Julia is a multi-paradigm language which is purely dynamic but supports optional typing.

As the introduction of some basic constructs like For-Loop, While-Loop and If-Else and Function akin to those of Python, R or MATLAB, Julia becomes simple and concise, and allows you to work fluently with a fraction of its language features.

Although People seldom focus on Julia’s language features other than its high performance(until April 2019), I’d show my point of view of the general programming in Julia.

First-Class¶

Almost all language constructs in Julia are first-class, upholding more flexible and advanced program composition.

There’re quite a lot of people that has a prejudice against Python for the absense of multi-line lambdas. Although it’s pretty trivial and straightforward to compile multi-line lambdas into normal Python code objects, the frontend, more concretely the mandatory indentation, comfines Python to the expressive power as a result of that statements are rigidly separate from expressions(statements cannot occur in expressions), and then first-class gets missed. There’re other manners to achieve indentation without lossing expression-first like that of ML family and Haskell, but not adopted by Python community yet.

Julia seems to be over-first-class, for all constructs there are expressions and, syntactically there’s no restriction to compose arbitrary constructs. Definitions and computations are distinct from each other in major functional languages, but each of both consists of the other.

 [let y=f(x); (x, y) end for x in points]

 map(
   function map_fn(x)
     # do stuffs
   end,
   points
)


let bind_maybe(a, f) -> a == nothing ? f(a) : nothing,
    (|>) = bind_maybe

    init          |> a ->
    do1_stuffs(a) |> a ->
    ...           |> a ->
    ...           |> a ->
    ...
end

The reason why composability is crucial has been discussed often years on, so I won’t make an another about this topic.

For Julia, first-class also helps when it comes to processing programs as data, which will be unfolded latter in this article.

Polymorphisms of Multiple Dispatch¶

Julia supports polymorphisms to achieve necessary abstractions and reduce self-repeating, though it does stand apart from those pooular industrial languages.

Multiple dispatch looks like parametric polymorphism, but actually it’s more than the latter.

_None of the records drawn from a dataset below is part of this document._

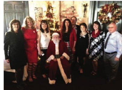
Board of Directors with Santa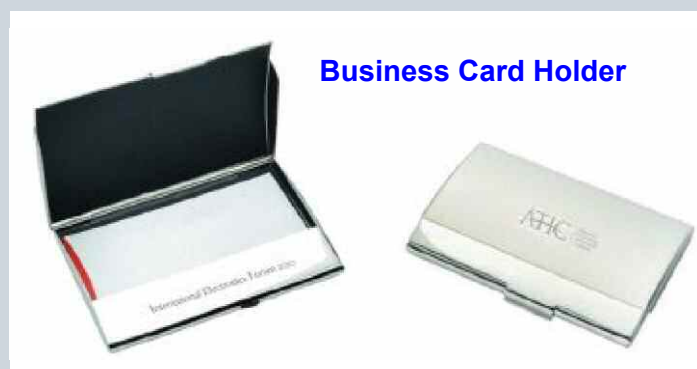
Business Card Holder

We are happy to discuss tailor made packages to suit individual budgets contact us for further details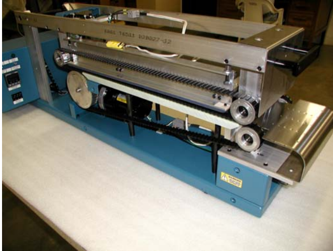
Direct Drive with Low Friction Idler Pulleys Left Side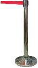
QUEUE MANAGER C-132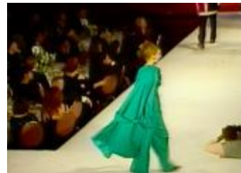
Parsons Fashion Critics Awards Show '89 (PC070205_VHS002)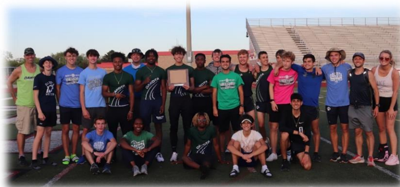
2021 MAC RED Division Meet Champions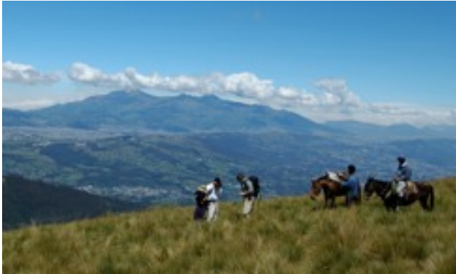
Guess we better pay the fee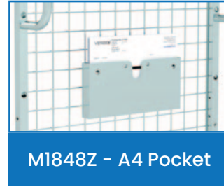
M1848Z – A4 Pocket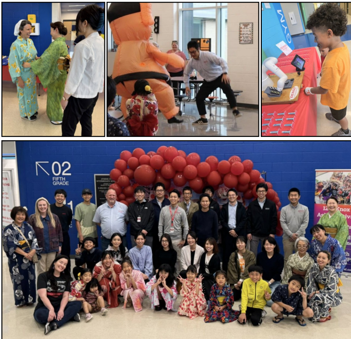
Photos of festivities and DENSO volunteers that made this event possible

A swirl of drumming, paper cranes, and friendly robot showdowns filled the Athens City Intermediate School gymnasium on Tuesday evening as more than 200 residents stepped into a lively slice of Japanese culture.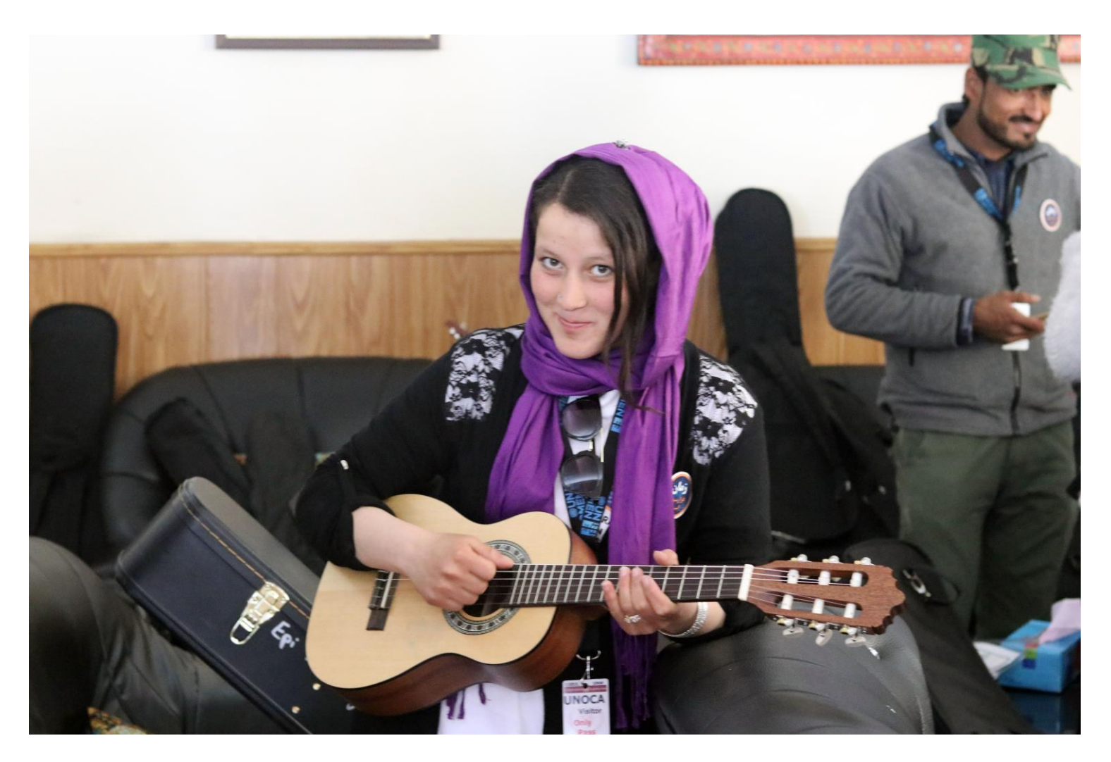
Celebrating our strength and success, The Miraculous Love Kids, Kabul.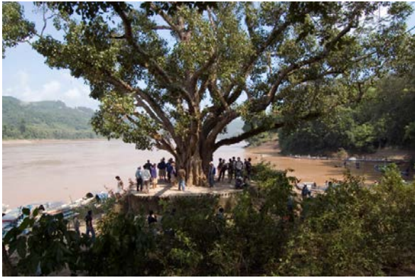
JUN NGUYEN-HATSUSHIBA The Ground, the Root, and the Air: The Passing of the Bodhi Tree (capture d'écran/still), 2004–2007, vidéo.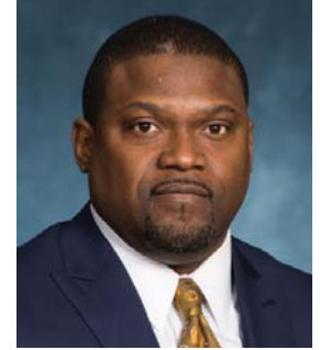
TYRONE WHEATLEY Running Backs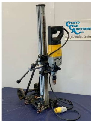
33. V - SEALEY DCD110V 110V CORE DRILL ON STAND - 2300W - COST WHEN NEW £383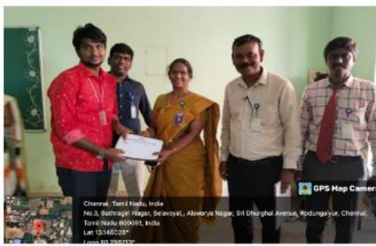
Chennai, Tamil Nadu, India No.3, Rathnagiri Nagar, Selalvayal, Alwaraya Nagar, Sri Dharghal Avenue, Kodungalur, Chennai, Tamil Nadu 600051, India Lat 13.146924° Long 80.256825°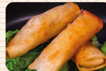
Spring Rolls (8 copë/ 8 pcs) 490 lek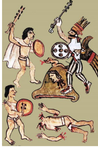
Image 2: the Florentine Codex depicting Huitzilopochtli in battle with the brothers in Coatepec.

sky where it became the moon, so that his mother would be comforted in seeing her daughter in the sky every night. Then, Huitzilopochtli took on the four hundred brothers and killed each one of them.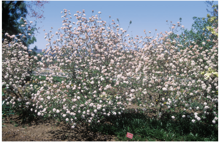
Viburnum carlesii (Koreanspice viburnum) is one of the parents of the burkwood viburnum and has the same traits listed for that hybrid. The popular cultivar 'Compactum' is more dense and compact than the species.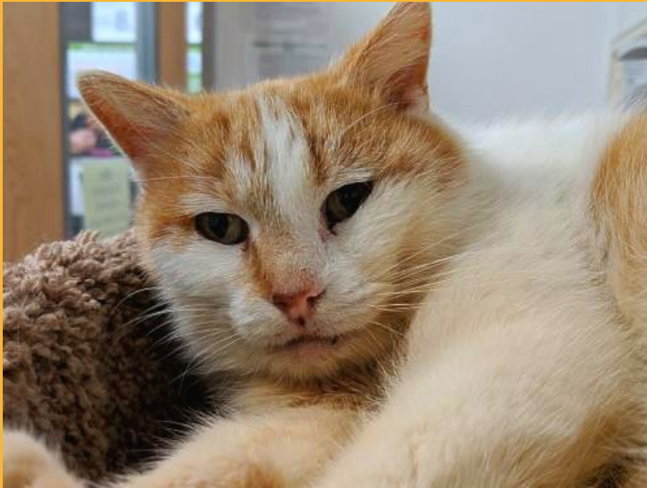
Robin (FCID# 01/14/2019 - 513 Brookhaven Foster) Senior • F

SUPER SENIOR!!! Please extend a warm and welcoming hand to Robin (FCID 01/14/2019-513). She is a sweet female, approximately 8 years old. Robin likes to be petted and be scratched behind her ears.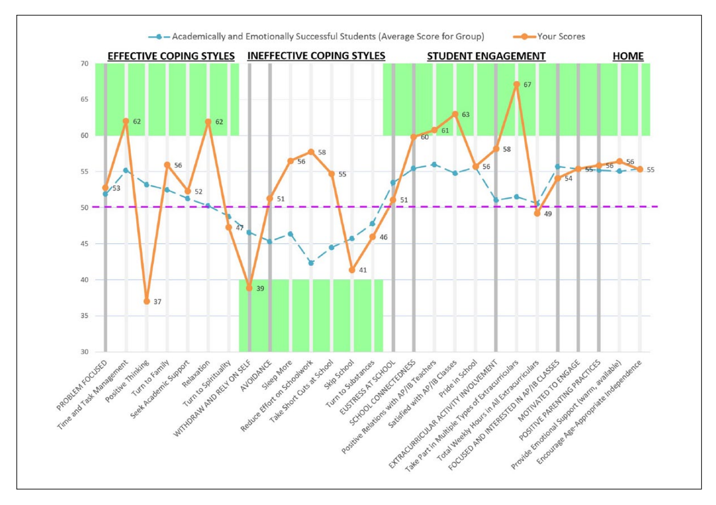
Figure 1. Example individualized score report.

1 (Engage) the student shared their values (e.g., family, friendships, education), strengths (e.g., creativity, honesty, humor), and long-term goals (e.g., graduate high school, go to college, begin preferred career). After establishing rapport, the MAP coach moved to Stage 2 (Focus) where the coach guided the student through a graphical display of their levels of coping and engagement in relation to a normative sample (Figure 1) from the pre-MAP assessment. Then, using OARS, the coach encouraged the student to identify relative strengths and weaknesses on the factors associated with success among AP/IB students (e.g., effective coping strategies, student engagement, aspects of one's home environment). After a target area was selected by the student, the coach moved to Stage 3 (Evoke), which allowed the student to voice their reasons for making a change in a specific area that they perceived were critical to their success. The MAP meeting concluded with the creation of an action plan that summarized the steps the student planned to take to reach their short-term goal (Stage 4: Plan). At the end of the meeting, the coach made a copy of the action plan for the student and asked if they would like to meet again in a month as follow-up support toward progress on their goal.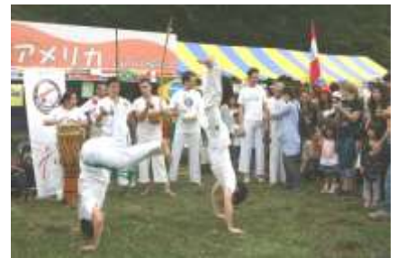
the Multicultural introduce tent 'World Bazaar Attraction'

function usum(x :: Vector{T}) where T
   s = zero(T)
   for each in x
      s += each
   end
   s
end

Overloading is supported as well.

uzero(_ :: Type{Int})     = 0
uzero(  :: Type{Float64}) = 0.0

However, multiple dispatch is more than what I listed above. In fact, type is exclusively a specialized instance of immutable data that could be taken advantage of dispatching, while you can make dispatches via immutable data no matter whether it is a type or others.

struct Const{T}
end

flip(::Type{Const{:even}}) = Const{:odd}
flip(::Type{Const{:odd}})  = Const{:even}

f(::Type{Const{0}}) = Const{:even}
f(::Type{Const{1}}) = Const{:odd}
f(::Type{Const{N}}) where N = f(Const{N-1}) |> flip

With above codes, we can statically compute parity of numbers, just as expected.

julia> @code_warntype f(Const{2})

Body::Type{Const{:even}}
  1 ─     return Const{:even}

Note that when multiple dispatch fails at static inferences, it’ll behave as dynamic dispatch like Python’s.

Full-Featured Macros¶

Macro is one of the quite few manners to achieve code reuse, also the reason of why some programmers can be thousands of times more efficient than others.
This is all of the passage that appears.